City Presents Proposed 2023 Budget

Jan 18, 2023

The proposed 2023 municipal budget was presented to the Finance and Administration Committee of Council at last night’s meeting.

Council will now review the document, and budget deliberation meetings will be held February 15 and 16, and February 27 to March 2, 2023. Additional meetings will be scheduled if needed. Council is expected to approve the final budget on March 7, 2023.

“I thank staff for the significant work and collaboration that has gone into developing this proposed budget,” said Ward 9 Councillor Deb McIntosh, Chair of the Finance and Administration Committee. “There are some challenging decisions ahead, but I look forward to reviewing the document over the coming weeks and working with my colleagues to finalize a budget that meets the needs of our community while ensuring our services remain affordable and accessible.”

Staff developed the budget following direction from Council in the second quarter of 2022 that the total change in property tax should be limited to 3.7 per cent. Service partners – entities funded at least in part by municipal taxes but controlled by separate Boards of Directors – were asked to follow the same guideline.

The Council-directed tax levy increase of 3.7 per cent includes both the City and a number of service partners. Municipal services increase the total levy change by 2.6 per cent over the previous year, and service partners – excluding the Greater Sudbury Police Service – increase it by an additional 0.3 per cent.

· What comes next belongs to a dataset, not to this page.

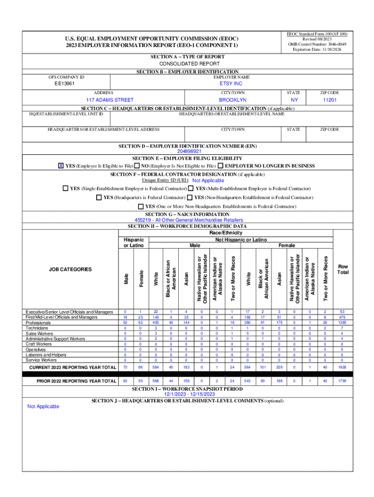 EEOC Standard Form 100 (SF 100) Revised 08/2023 OMB Control Number: 30460049 Expiration Date: 11/30/2026U.S. EQUAL EMPLOYMENT OPPORTUNITY COMMISSION (EEOC) 2023 EMPLOYER INFORMATION REPORT (EEO1 COMPONENT

On January 12, the Greater Sudbury Police Services Board approved a 2023 budget greater than the guideline requested by City Council. The proposed change for Greater Sudbury Police Services increases the total tax levy change by 1.2 per cent, for a total of a 4.1 per cent increase. While this results in a potential levy change that is 0.4 per cent higher than the 3.7 per cent guideline provided by City Council, City staff identified options for service adjustments that could bring the total budget to 3.7 per cent as directed. Presented as business cases, these options for service adjustments would need to be approved by City Council to be included in the 2023 budget.

A 3.7 per cent tax increase represents an additional $122 a year for a home with a current assessment value of $230,000, or an extra $239 annually for a home assessed at $450,000. A 4.1 per cent increase would increase those numbers slightly to $136 and $265, respectively.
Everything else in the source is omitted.